EX-99.1 2 f20198exv99w1.htm EXHIBIT 99.1 exv99w1
 

Exhibit 99.1
(CONNETICS COMPANY LOGO)
CONNETICS REPORTS PRELIMINARY RESULTS FOR FIRST QUARTER 2006
Company to Restate Past Financial Results to Reflect Increased Rebate Reserve
Adjusts 2006 Financial Guidance Due to Increased Product Competition
PALO ALTO, Calif. (May 3, 2006) – Connetics Corporation (Nasdaq: CNCT), a specialty pharmaceutical company that develops and commercializes dermatology products, today announced preliminary financial results for the first quarter of 2006 and its plans to restate financial results for prior periods.
First Quarter Results
On a preliminary basis, net income for the first quarter ended March 31, 2006 was $0.8 million, or $0.02 earnings per share on a diluted basis, including stock-based compensation expense of $1.6 million, or $0.05 per diluted share, reflecting the adoption of SFAS 123R, accounting for stock-based compensation, as of January 1, 2006. On a non-GAAP basis excluding stock-based compensation, net income for the first quarter of 2006 was $2.4 million, or $0.07 per diluted share.

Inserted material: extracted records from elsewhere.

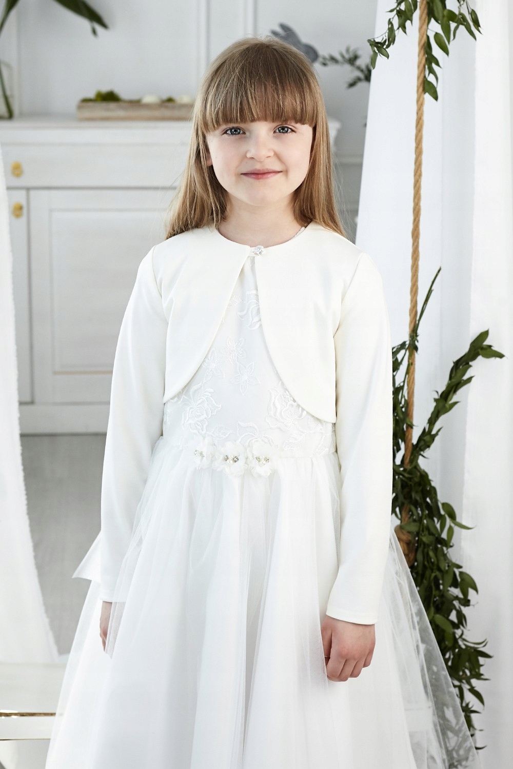 Болеро из плотной ткани пунто идеально подойдет к платью или блузке. Доступен в двух цветах: белом (оптически белом) и кремовом. Застегивается на пуговицу спереди. Более короткий крой не закрывает платье. Идеально подходит для холодных дней.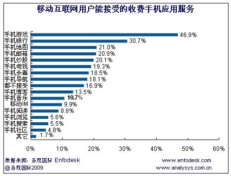 CTI論壇(ctiforum)06月22日消息:據(jù)易觀國際(Analysys International)《中國手機應用市場用戶調研報告2009》研究發(fā)現(xiàn),移動互聯(lián)網用戶可接受收費的應用主要是手機游戲和手機銀行/支付,其比例分別為47%和31%,而手機游戲也是移動互聯(lián)網用戶使用比例較高的手機應用服務之一。另外,用戶可接受程度較高的還包括手機郵箱、手機導航、手機炒股、手機電視/視頻以及手機殺毒等應用。而移動互聯(lián)網用戶對于手機社區(qū)和手機搜索收費的接受度較低。研究發(fā)現(xiàn),移動互聯(lián)網用戶可接受收費的應用主要是手機游戲和手機銀行/支付,其比例分別為47%和31%,而手機游戲也是移動互聯(lián)網用戶使用比例較高的手機應用服務之一。另外,用戶可接受程度較高的還包括手機郵箱、手機導航、手機炒股、手機電視/視頻以及手機殺毒等應用。而移動互聯(lián)網用戶對于手機社區(qū)和手機搜索收費的接受度較低。
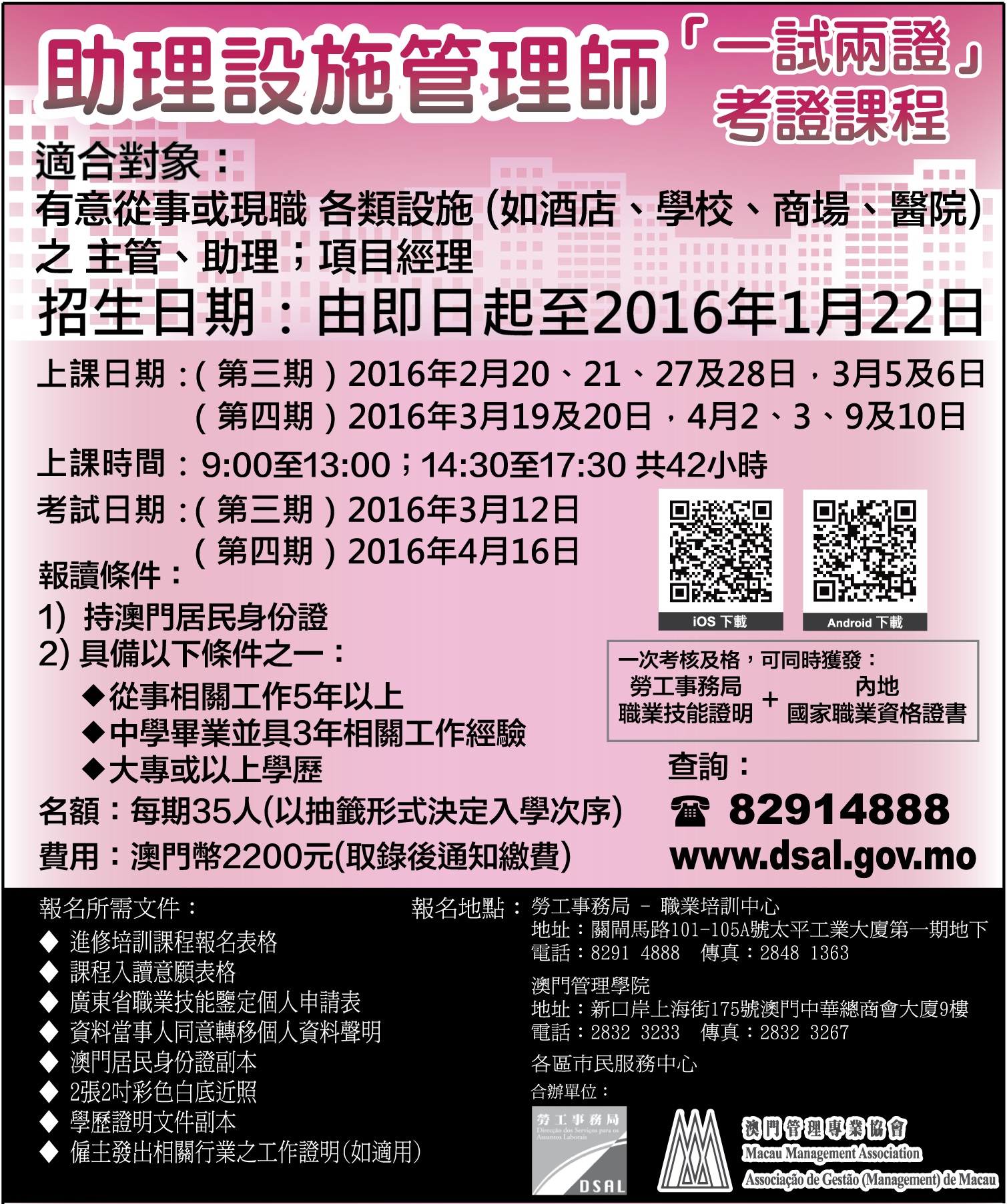 設施管理考證課程是由廣東省職業技能鑒定指導中心、廣州市白雲工商技師學院、勞工事務局和澳門管理專業協會共同開發,首階段推出的助理設施管理師「一試兩證」考證課程,以「一試兩證」模式進行,完成培訓的學員將獲安排參加測試,通過者可獲本澳的職業資格證明及國家職業資格證書。在此基礎上,會再以「一試三證」模式推出更高技能級別的設施管理師和高級設施管理師的測試。

Total revenues for the first quarter of 2006 were $47.7 million, including Soriatane® sales of $19.0 million, OLUX® sales of $14.1 million, Evoclin® sales of $8.0 million and Luxíq® sales of $6.2 million. Royalty and contract revenues for the quarter were $0.4 million. These revenue amounts reflect the Company’s preliminary application of the revised rebate accounting described below.
Selling, general and administrative (SG&A) expenses for the first quarter of 2006 were $30.8 million. SG&A expenses included costs for the Company’s new pediatric sales organization which was acquired in the first quarter, and stock-based compensation of $1.3 million. Research and development (R&D) expenses for the first quarter of 2006 were $8.4 million, reflecting the Company’s late-stage clinical and regulatory activities, including the user fee for the NDA submission for Primolux™ and Extina® clinical costs, as well as stock-based compensation of $349,000.
During the first quarter of 2006, the Company repurchased approximately 143,100 shares of its common stock for approximately $2.2 million, under its $50 million share repurchase program authorized in 2005. As of March 31, 2006, Connetics had cash and investments, including restricted cash of $248.3 million.
Restatement of Prior Periods to Adjust Rebate Reserves
Rebates are contractual discounts offered to government programs and to private health plans that are eligible for rebates at the time prescriptions are dispensed, subject to various conditions. The Company records quarterly reserve provisions for rebates by estimating rebate liability for product sold taking into consideration a number of factors including timing and terms of managed care contracts, time to process rebates, product pricing, sales volumes, units held by distributors and prescription trends. Upon review, the Company has concluded that the rebate rates and method used to calculate the rebate liability in prior periods did not fully capture the impact of these factors, and estimates that the cumulative impact of the change as of December 31, 2005 is approximately $8.0 million to $9.0 million. The estimated increased rebate reserve amount represents approximately 1.7% of cumulative total reported net sales for Connetics’ four products.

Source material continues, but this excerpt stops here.